The Food Lovers' Cookbook Collection
French Provincial Cooking by Elizabeth DavidElizabeth David was no ordinary person. She developed her taste for food while studying French history at the prestigious Sorbonne in Paris. She became obsessed with French food and developed a desire to learn how to cook it well.
She was a leader in the publication of modern food books with her first offering being in 1950!
But our favourite book was published ten years later in 1960 after
stints in Italy, Egypt and India.
She was a difficult woman. Many writers talk about her imperious nature and capricious desires. However, all of the negatives pale into insignificance once you start reading her alluring prose.

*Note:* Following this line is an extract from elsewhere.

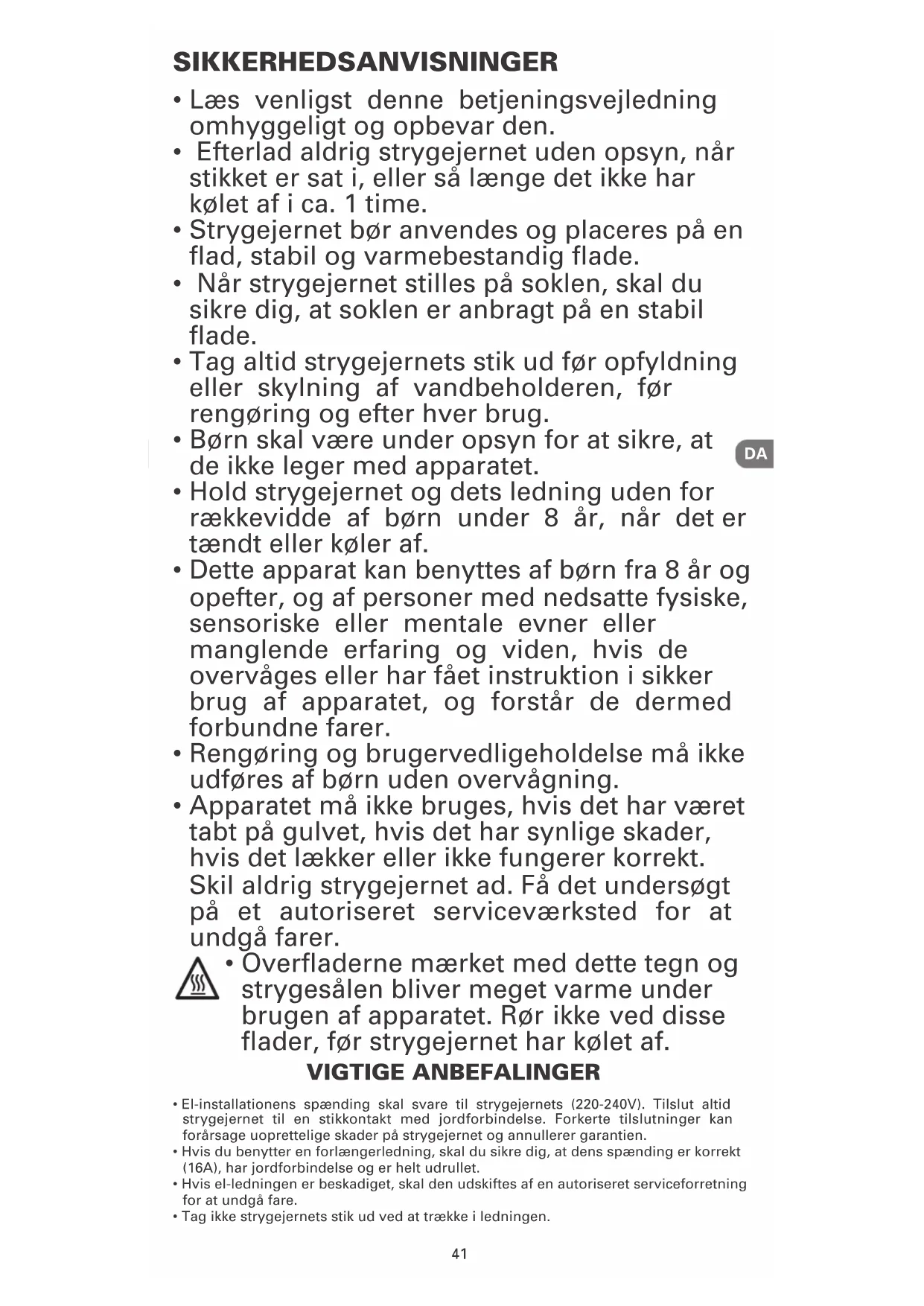 • El-installationens spænding skal svare til strygejernets (220-240V). Tilslut altid

More than most she can transport you to the south of France and lead you to the smell of lavender and honey, to the taste of daube and tapenade and the sensual pleasure of the crisp, white wines and roses of Provence.
In her introductory chapter on "French Cooking in England" she starts with a premise that warms our hearts:
"The feeling of our time is for simpler food, simply presented… it is the kind of cooking which was meant by Curnonsky when he repeated over and over again, that good cooking was achieved when 'ingredients taste of what they are'".
And being aficionados of the Vaucluse region we can delight in the description of the food of the region:
"In the season, in the villages of the Vaucluse, asparagus or wonderful broad beans will be a few francs a kilo, a basket of cherries or strawberries the same. Perhaps you may arrange for the bus driver to bring you some brandade of salt cod out from Cavaillon or Apt for Friday lunch."
And so to the recipes! The first recipe chapter is devoted to sauces. And there are many recipes and all of them are interesting. Her sorrel sauce to accompany fish is based on cream that must first be boiled to ensure that the acid in the sorrel does not curdle the cream. She then describes a great sauce of walnut and horseradish to accompany cold salmon.
Her Nicoise salad follows the exhortations of Nice's former and disgraced mayor Jacques Medecin by only including hard-boiled eggs, anchovy fillets, black olives and tomatoes along with some lettuce leaves - although she does not follow his entreaties to salt the tomatoes three times! She also includes a version from Escudier, the author of La Veritable Cuisine Provencale et Nicoise, who includes sweet green pepper but eschews the lettuce!
The recipes continue through soups, meat dishes and onto sweet dishes that includes the wonderful sweet omelette dessert that has now almost disappeared from the restaurant repertoire.
This is not just a good cookbook - it is a great cookbook. It is an essential inclusion in all food lover's cookbook libraries.